Jerry SKEES of GlobalAgRisk presented his view on agricultural insurance based on more than 30 years of experience. Before continuing his presentation, he referred to teleconnections, which are global climate patterns around the world that create extreme local climate shocks, such as El Niño. Teleconnections provide challenges for agricultural insurance for smallholders in low and middle income countries. They cause weather externalities to return in a pattern, which leads to classic insurance problems, such as moral hazard and adverse selection. Other problems with agricultural insurance revolve around lack of data, high delivery costs, and limited demand. Index Insurance has not proven to be the answer for smallholder farmers, mostly because of the basis risk, limited demand and limited scale up opportunities. Skees noted that until more progress is made in addressing key challenges, having smallholder farmers purchase insurance may not be the right answer.

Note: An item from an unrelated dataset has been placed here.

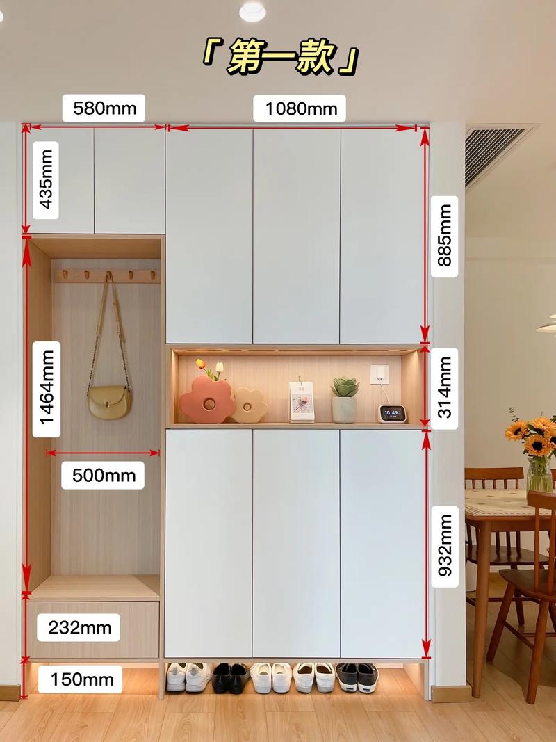 入门鞋柜的高度通常不建议超过800mm,宽度则根据利用的空间宽度合理划分。深度方面,一般是家里最大码鞋子的长度,介于300~400mm之间。款式设计会影响高度,需结合玄关空间格局来调整。常见的入户鞋柜高度在600『8』00mm之间浮动,一些高档款式可能会达到1000mm左右。

Skees pointed out that disasters create problems with access to finance and credit contraction. He presented a study which showed that a 1% increase in population affected by disasters yields a 1.1% decline in access to credit in the following year. Furthermore, liquidity problems spill over to the following year and capital problems spill over to the following two years. Demand for credit increases and supply is reduced, leading to increased costs and capital volatility. He then turned to Financial Disaster Risk Management, showing that different financial innovations are suitable, depending on the risk. Frequent and less severe events should be covered by savings, while moderate frequency and severity should be covered by credit. Rare but high-impact events should be covered by disaster risk transfer. Reducing consequences of catastrophic natural disasters has the potential to increase lending from financial institutions, which can enhance significant economic growth and poverty alleviation. Skees closed his presentation with his latest social venture, Global Parametrics, which offers protection for each individual risk.

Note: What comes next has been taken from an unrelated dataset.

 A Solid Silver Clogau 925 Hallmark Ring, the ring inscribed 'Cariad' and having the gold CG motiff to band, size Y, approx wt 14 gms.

The discussion started with a remark from the audience, questioning whether it is good for risk mitigation to have collateral. Syengo highlighted that financial institutions require collaterals for loans to smallholder farmers. Agwe added that insurance would have been one of the tools to substitute for collaterals but basis risk is the main challenge for insurance companies to provide such insurance in a sustainable way. Agwe then stressed the importance of the concept of ‘bundling plus' which promotes uptake of agricultural insurance by smallholder farmers in combination with good agricultural practices (GAP), adapted credit, and end-markets that can pay reasonable prices. Agwe noted further that promoting insurance can be useful but you have to show farmers what the insurance is covering and how the farmer can use the product. Agwe also responded to the question on how you separate the low productivity effect from the climate effect. How can you be sure that global climate change is the reason? Agwe agreed that you cannot attribute all changes in production to climate change, but he stated clearly that climate change is the most important factor in increased risks in smallholder farmers' production. Skees agreed, but also added the loss of biodiversity as a result of climate change. Skees concluded the discussion by mentioning the opportunities that developing countries have because many smallholders frequently use new technologies, causing a leap frog in innovation compared to Western countries.